-------- DATA TO USE
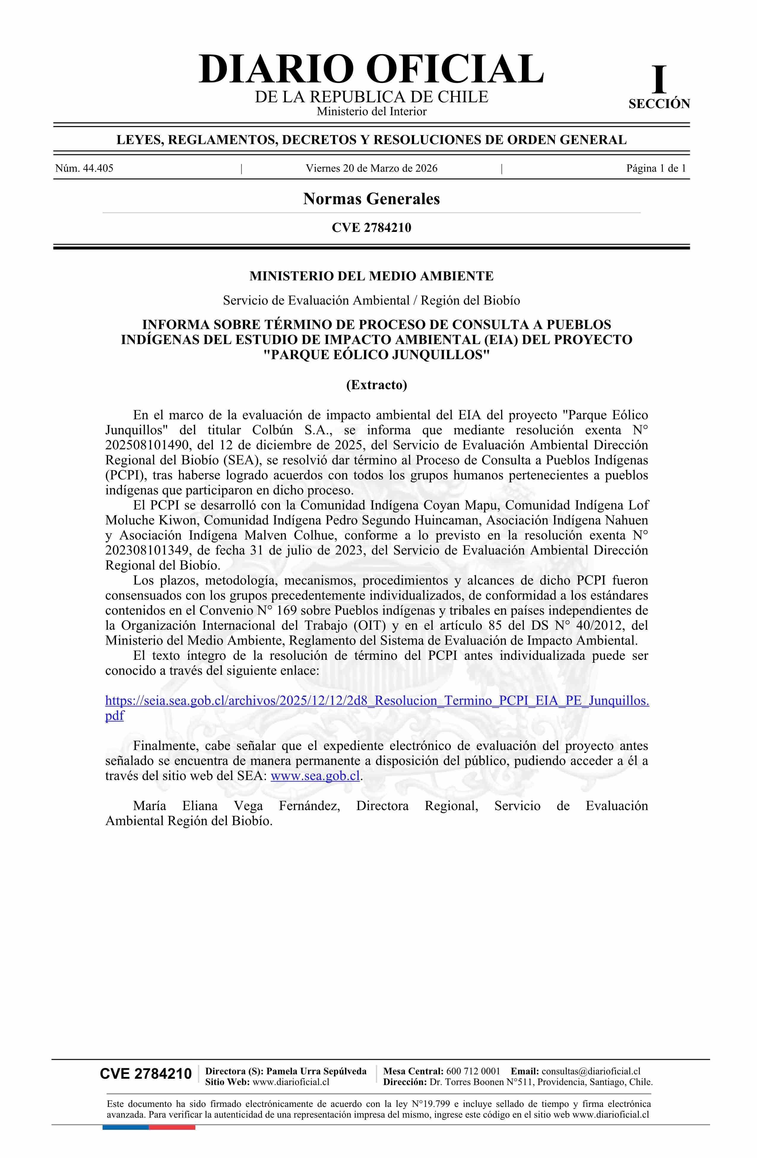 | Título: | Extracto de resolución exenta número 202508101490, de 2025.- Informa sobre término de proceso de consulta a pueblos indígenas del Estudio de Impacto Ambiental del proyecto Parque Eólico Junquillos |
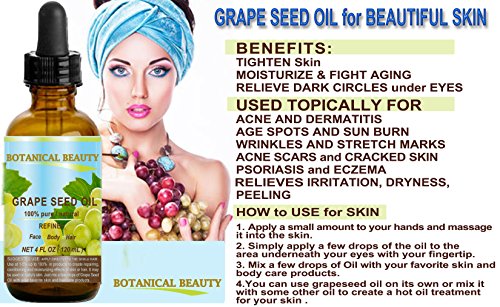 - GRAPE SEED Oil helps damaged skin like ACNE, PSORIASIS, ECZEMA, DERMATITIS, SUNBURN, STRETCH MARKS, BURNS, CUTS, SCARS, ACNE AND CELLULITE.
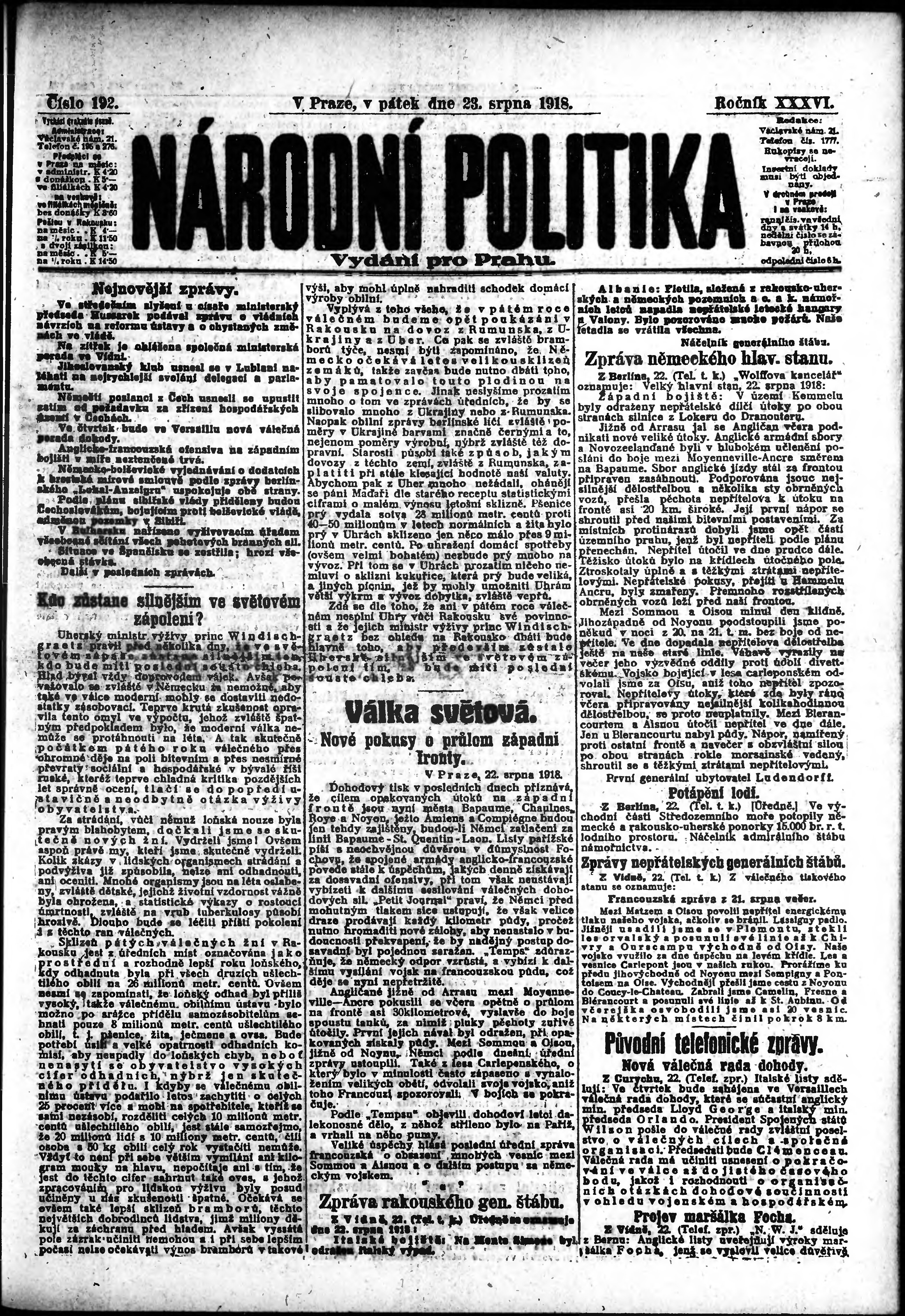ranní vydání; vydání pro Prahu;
----------------
-------- DATA TO USE
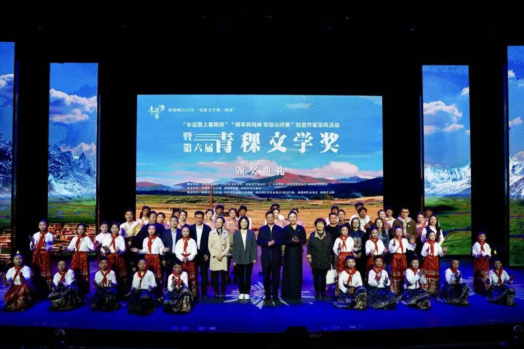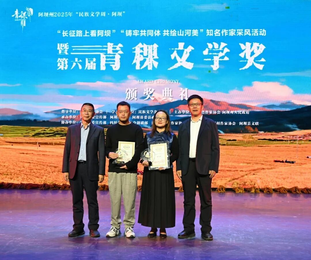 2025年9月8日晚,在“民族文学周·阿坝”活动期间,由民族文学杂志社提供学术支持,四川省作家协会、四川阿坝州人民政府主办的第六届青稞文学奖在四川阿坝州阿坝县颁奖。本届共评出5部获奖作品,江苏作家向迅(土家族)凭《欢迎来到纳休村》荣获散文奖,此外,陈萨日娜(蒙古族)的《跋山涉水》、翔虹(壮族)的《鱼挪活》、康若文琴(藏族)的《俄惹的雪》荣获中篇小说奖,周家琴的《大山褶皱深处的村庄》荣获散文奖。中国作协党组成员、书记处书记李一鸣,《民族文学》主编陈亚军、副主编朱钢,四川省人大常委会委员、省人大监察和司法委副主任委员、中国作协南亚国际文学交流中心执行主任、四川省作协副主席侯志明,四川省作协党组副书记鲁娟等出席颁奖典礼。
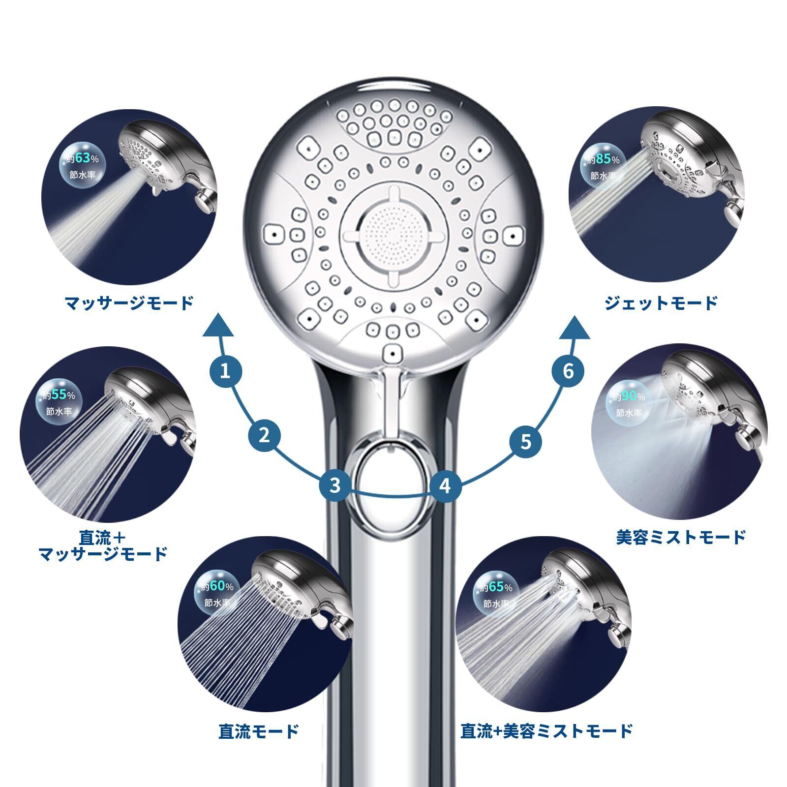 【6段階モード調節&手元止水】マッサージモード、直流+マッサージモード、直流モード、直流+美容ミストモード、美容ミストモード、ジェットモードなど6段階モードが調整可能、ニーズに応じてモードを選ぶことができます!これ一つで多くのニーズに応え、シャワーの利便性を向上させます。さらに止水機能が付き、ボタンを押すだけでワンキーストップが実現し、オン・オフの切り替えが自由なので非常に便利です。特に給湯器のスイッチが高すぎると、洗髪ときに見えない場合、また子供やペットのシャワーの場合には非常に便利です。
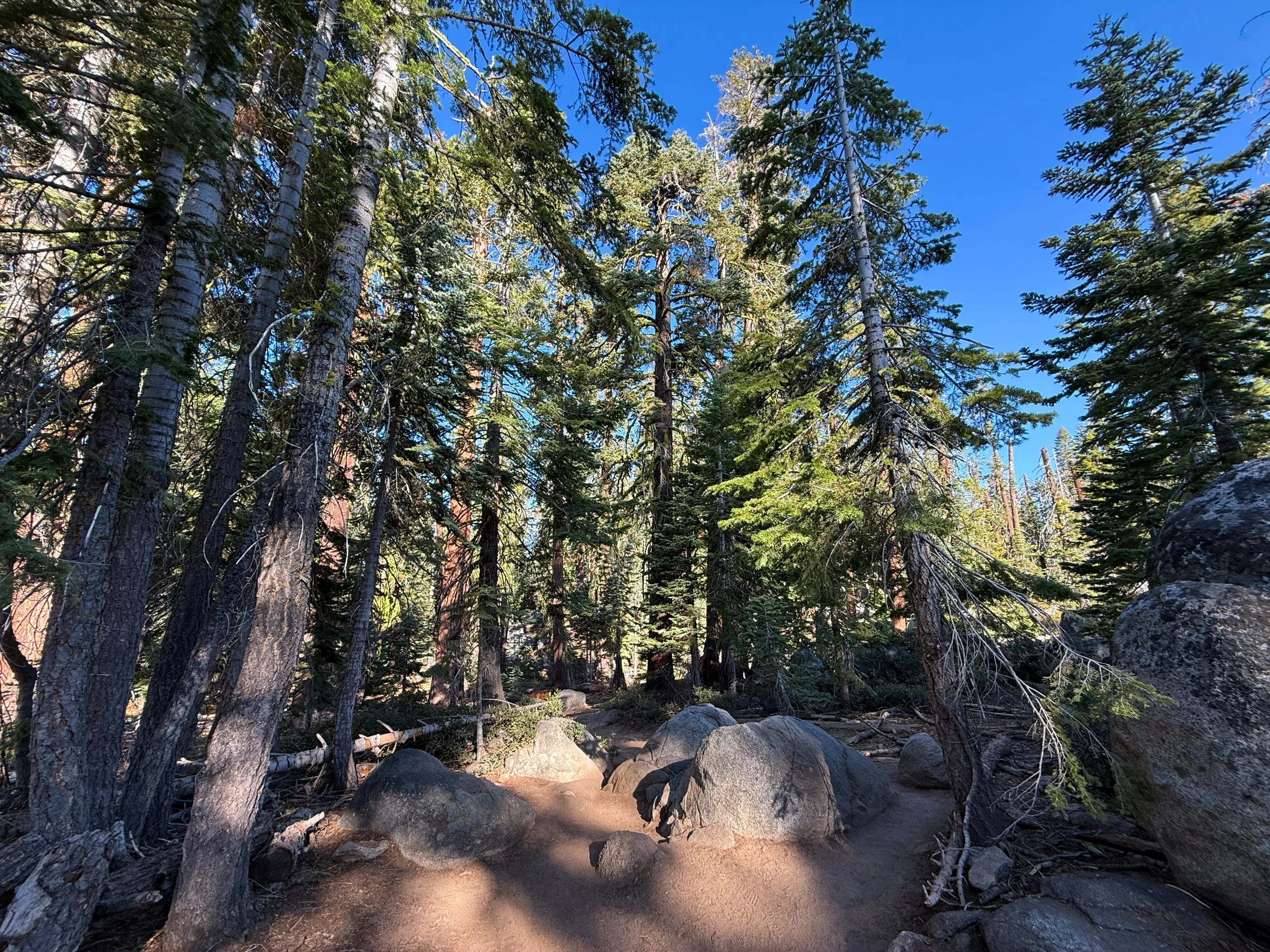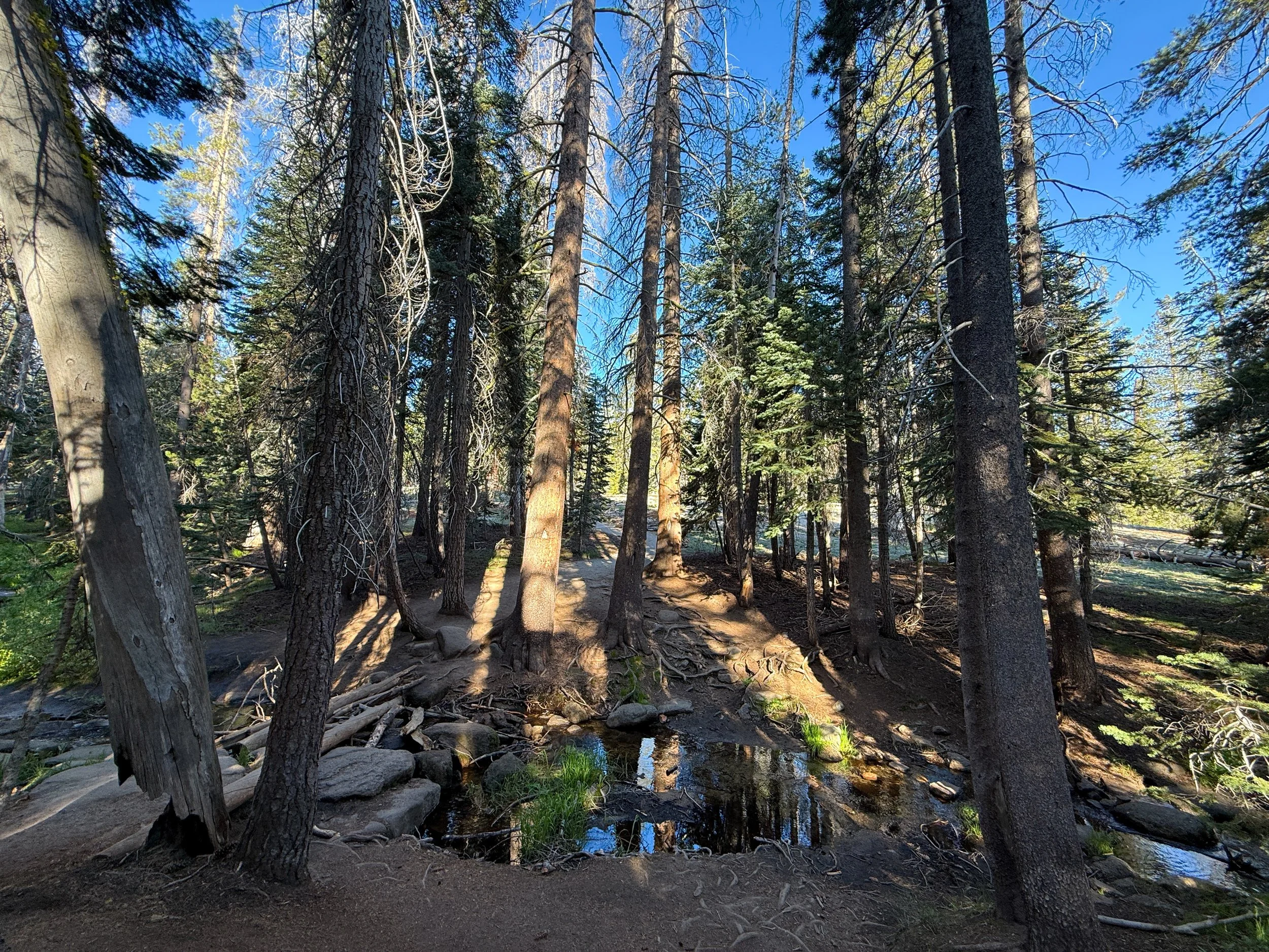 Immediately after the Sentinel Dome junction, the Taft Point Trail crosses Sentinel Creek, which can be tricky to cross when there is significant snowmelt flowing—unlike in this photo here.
----------------
**WHAT TO DO**
In the records above, find the line with "- GRAPE SEED". Print exactly from there through the line with "ranní vydání; vydání pro Prahu;", minus the pictures.

**ANSWER SECTION**
 - GRAPE SEED Oil helps damaged skin like ACNE, PSORIASIS, ECZEMA, DERMATITIS, SUNBURN, STRETCH MARKS, BURNS, CUTS, SCARS, ACNE AND CELLULITE.
ranní vydání; vydání pro Prahu;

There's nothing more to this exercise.